### EXTRACTED MATERIAL ###

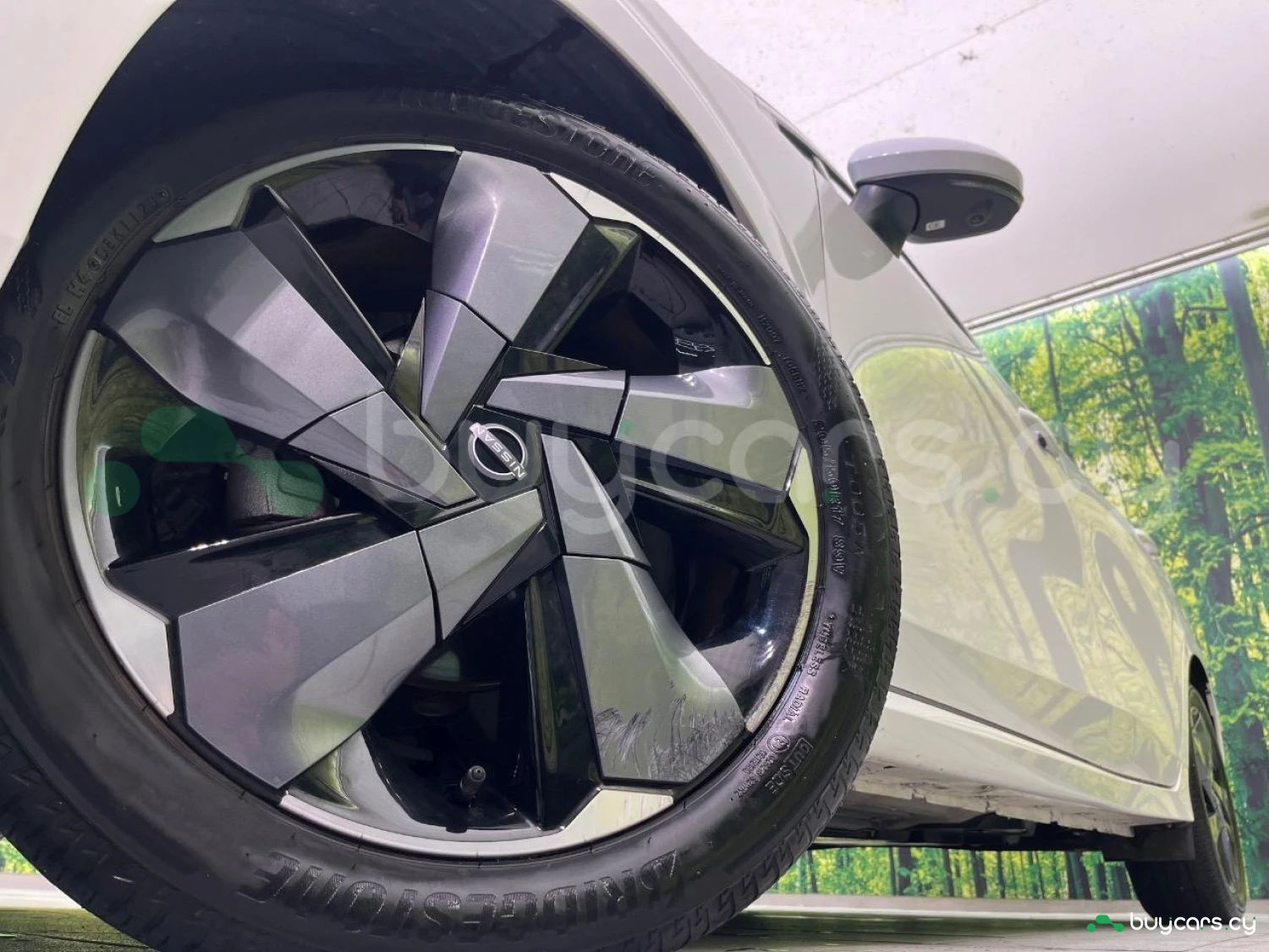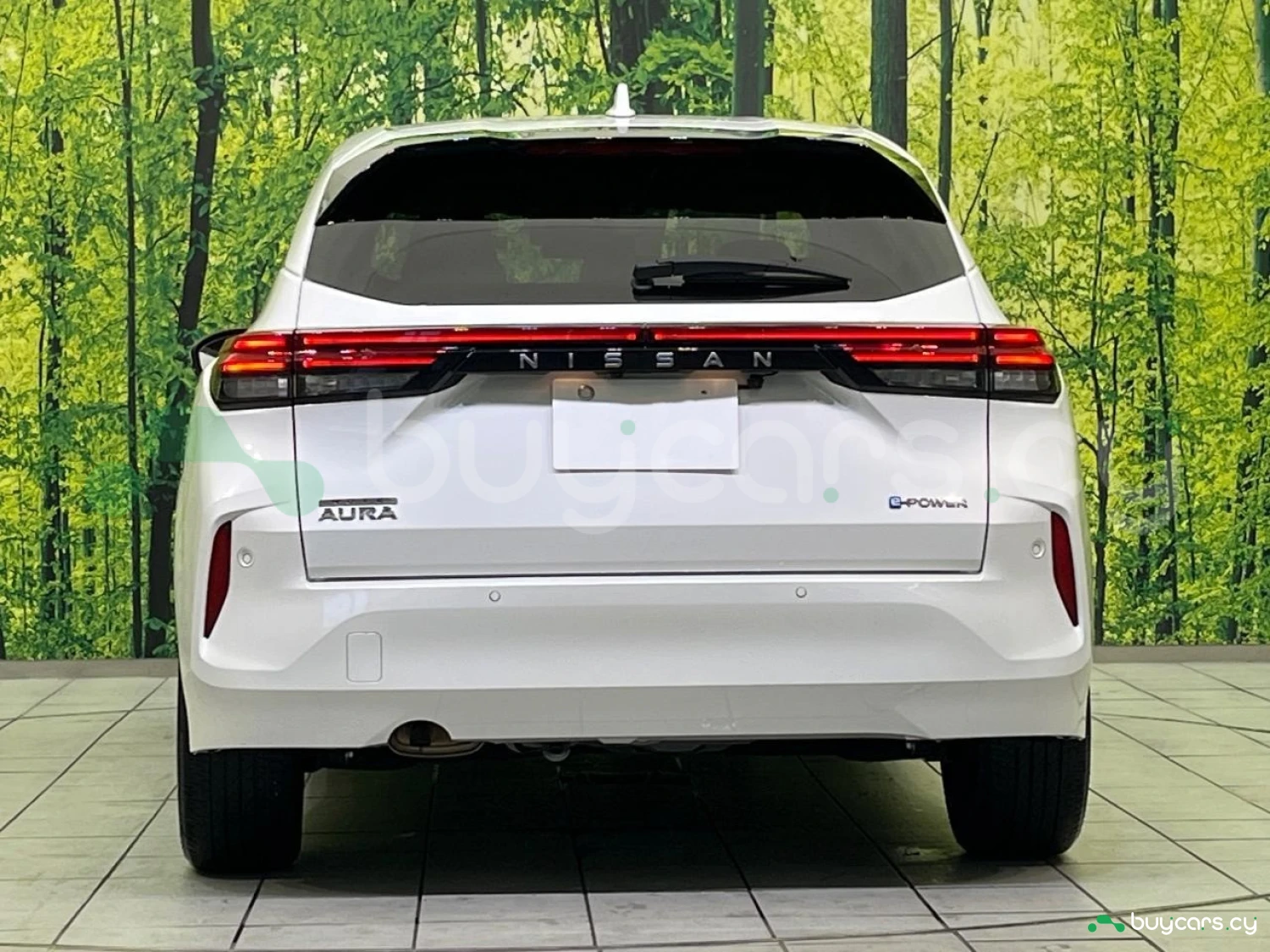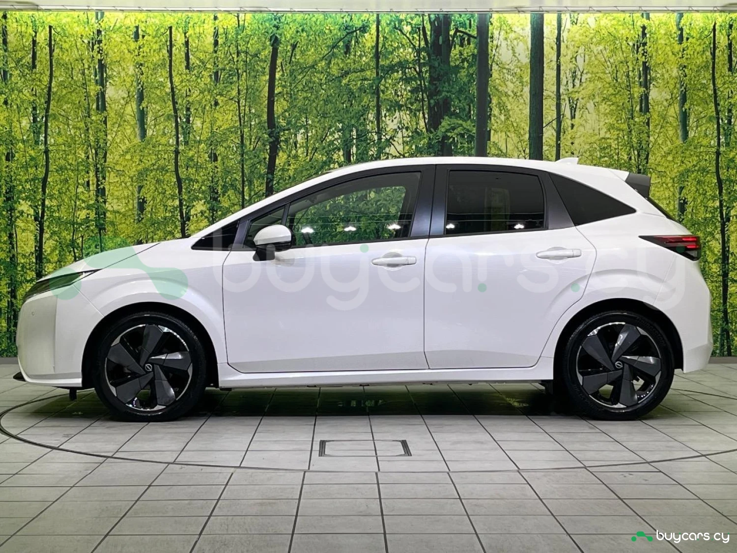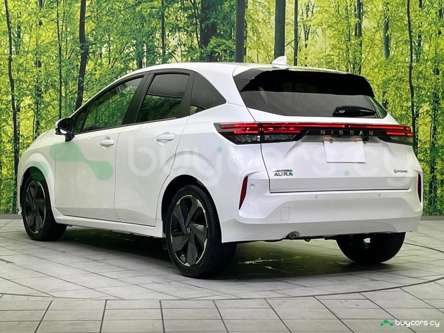 This Nissan Aura is finished in Pure White Pearl, giving it a refined and premium look. The compact hatchback body combines sleek lines with aerodynamic proportions, making it both stylish and practical for urban and long-distance driving.
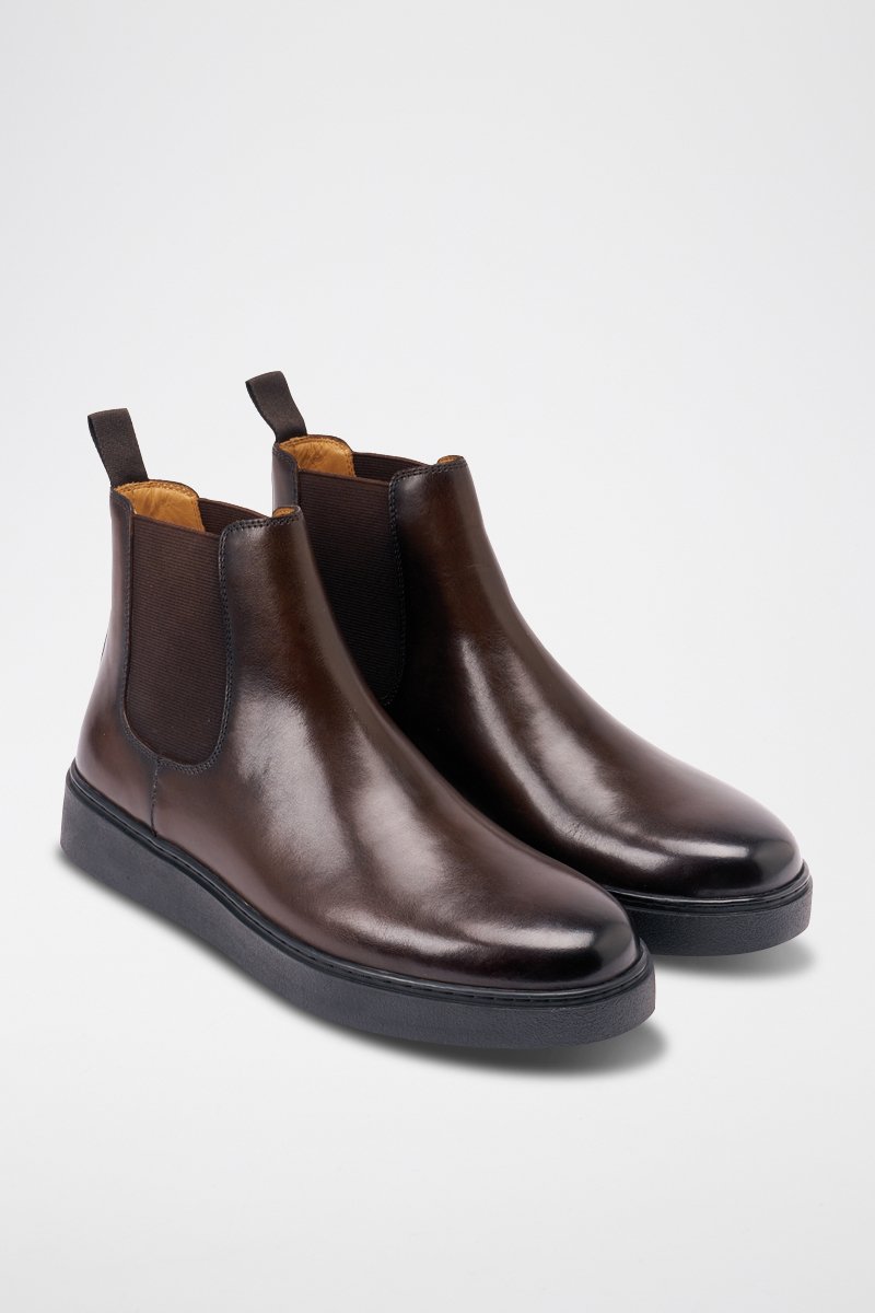 Boots Chelsea regular em couro - Castanho
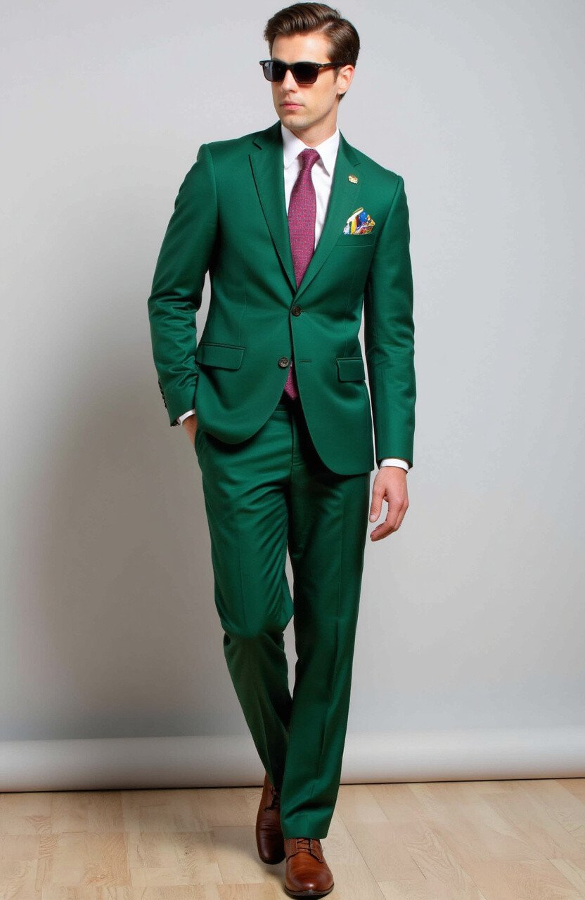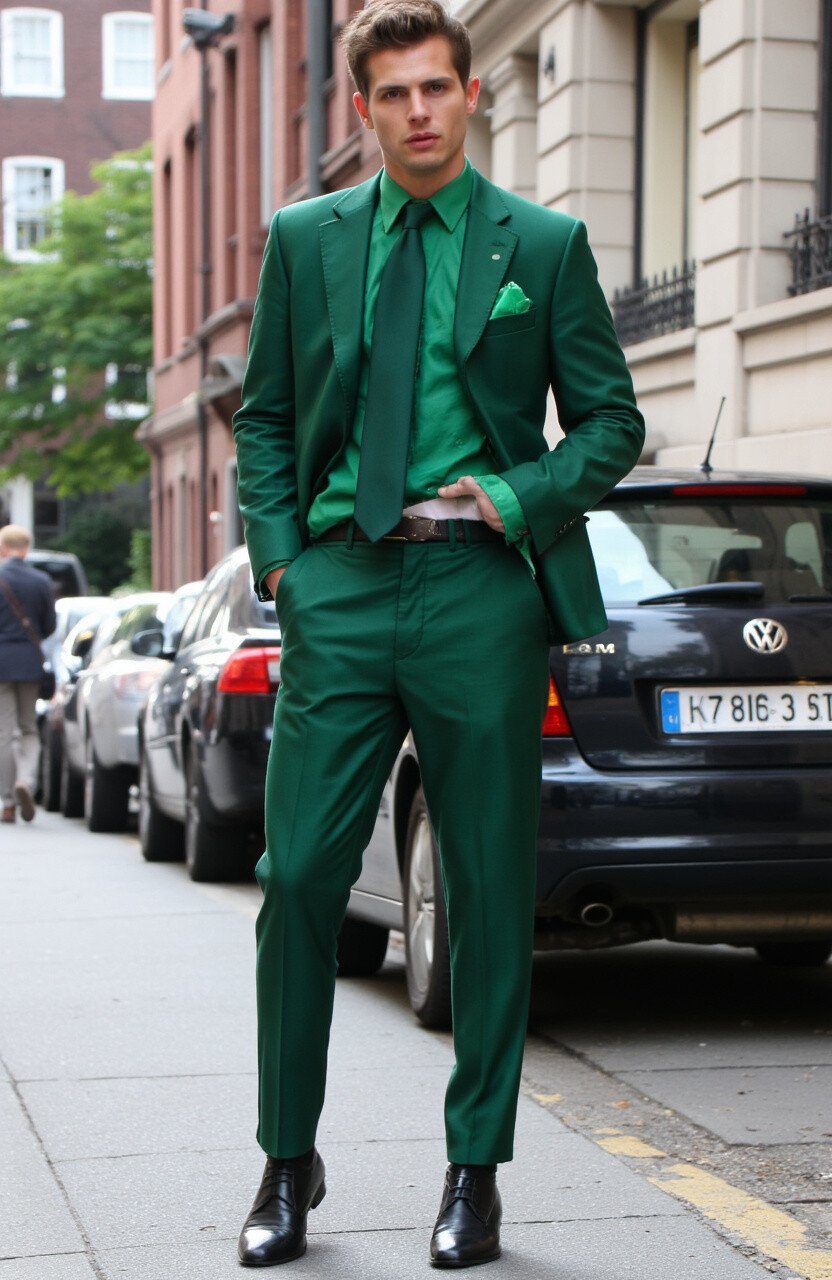 This look is great for parties or events where you want to stand out. It’s an affordable way to experiment with colors without fully committing to a bright suit. The key is to choose colors that complement the rich green tone.
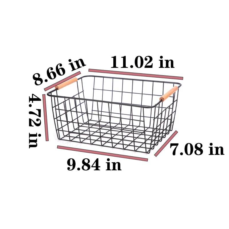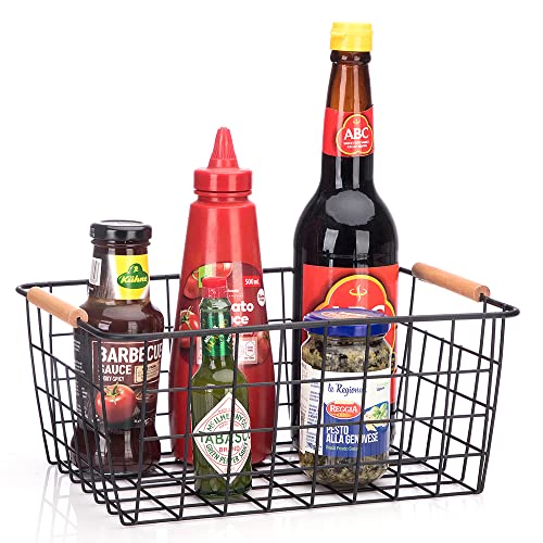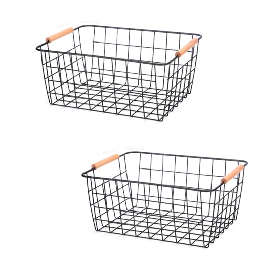 LeleCAT Wire Baskets with Wooden Handles Wire Storage Organizer Bin Baskets, Pantry, Closets, Bedrooms – Set of 2(Black)
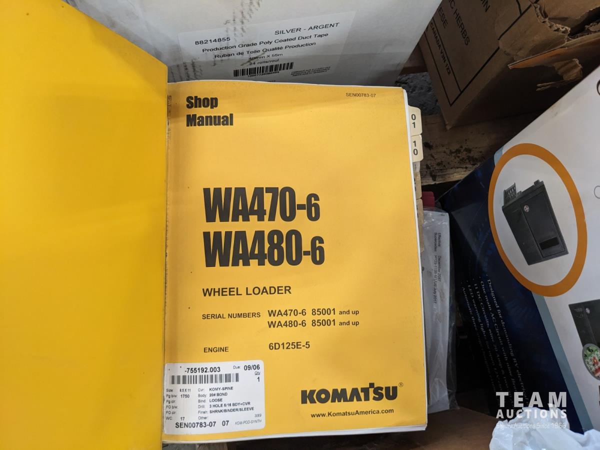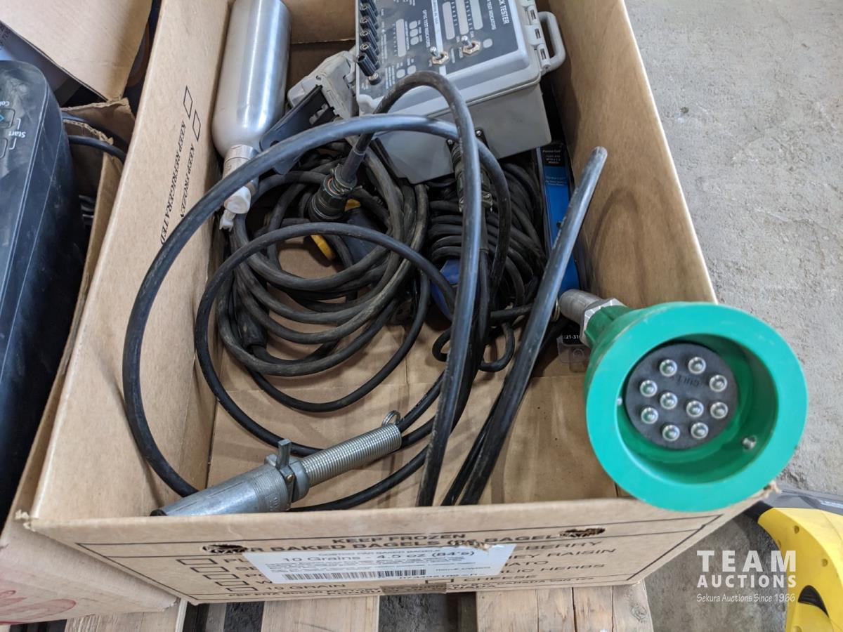 Scully universal truck tester, trouble light, spill pads, qty of shop manuals, and clip boards

###

ABOUT THIS TASK: A word-for-word copy of all the data is required, minus the pictures.

RESPONSE FOR THIS EXERCISE:
 This Nissan Aura is finished in Pure White Pearl, giving it a refined and premium look. The compact hatchback body combines sleek lines with aerodynamic proportions, making it both stylish and practical for urban and long-distance driving.
 Boots Chelsea regular em couro - Castanho
 This look is great for parties or events where you want to stand out. It’s an affordable way to experiment with colors without fully committing to a bright suit. The key is to choose colors that complement the rich green tone.
 LeleCAT Wire Baskets with Wooden Handles Wire Storage Organizer Bin Baskets, Pantry, Closets, Bedrooms – Set of 2(Black)
 Scully universal truck tester, trouble light, spill pads, qty of shop manuals, and clip boards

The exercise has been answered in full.